Although each value on the
cumulative frequency curve represents frequencies that are less than a
particular value, we can still use the curve to find the values for greater than
or equal to values. To estimate the number of balls
that are 130 grams or more, we use the same process. We draw a vertical line from
130 on the 𝑥-axis to the curve and then draw a horizontal line from this point
to the 𝑦-axis. We can read the cumulative
frequency of 78 balls from the 𝑦-axis, which means that 78 balls had a weight
less than 130 grams.
In order to find the number of
balls that had a weight of 130 grams or more, we subtract this from the total
frequency.

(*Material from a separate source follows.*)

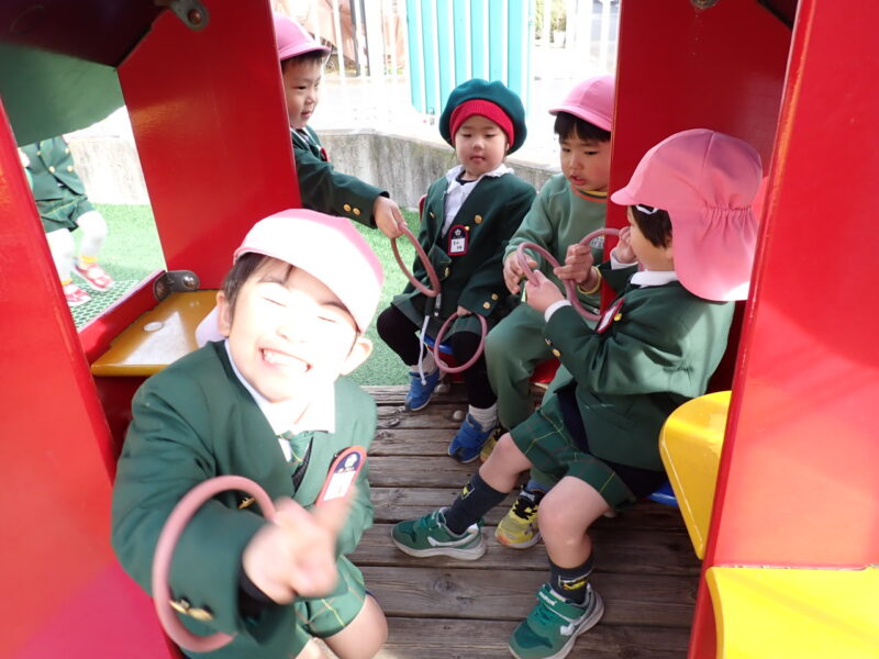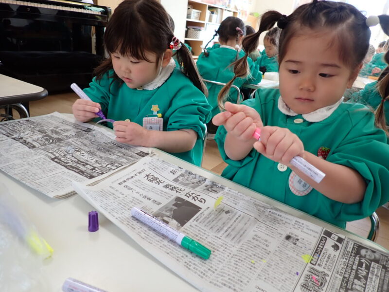 ペットボトルや、紙、ダンボール、みんなのおもちゃ等様々な意見が出ました。「段ボールチョキチョキしたらいいんじゃない?」とのことで、チョキチョキしました✂️

The total frequency is the
total number of balls that have been weighed. Hence, it is 100. Therefore, we have 100 minus
78, which is equal to 22. The answer to the second part
of the question is that we estimate that there are 22 balls with a weight of 130
grams or more.
In a grouped frequency table, the
groups or classes may be described using different notation. We have seen how a class of 110
dash represents values that are 110 or greater and less than the lower boundary of
the subsequent class. We can also use inequalities to
represent the boundaries in continuous data sets. For example, data representing
heights ℎ may be allocated different intervals written as ℎ is greater than or equal
to 110 and less than 120, as shown. Whilst we have not seen an example
of this type in this video, we would follow the exact same process when calculating
cumulative frequency totals, drawing cumulative frequency graphs, and making
estimations about the data.
We will now summarize the key
points from this video. Cumulative frequency is the sum of
all the previous frequencies up to the current point. It is often referred to as the
running total of frequencies. To draw a cumulative frequency
graph, we first determine all the cumulative frequency totals for values that are
less than the upper boundary of each class. To plot the coordinates for each
cumulative frequency value, we take the upper boundary of a class as the
𝑥-coordinate and the corresponding cumulative frequency as the 𝑦-coordinate. Any point on a cumulative frequency
curve represents the cumulative frequency of variables that are less than the
corresponding 𝑥-coordinate. To find the frequency of values
that are greater than or equal to any 𝑥-coordinate, we subtract the value of the
𝑦-coordinate from the total frequency.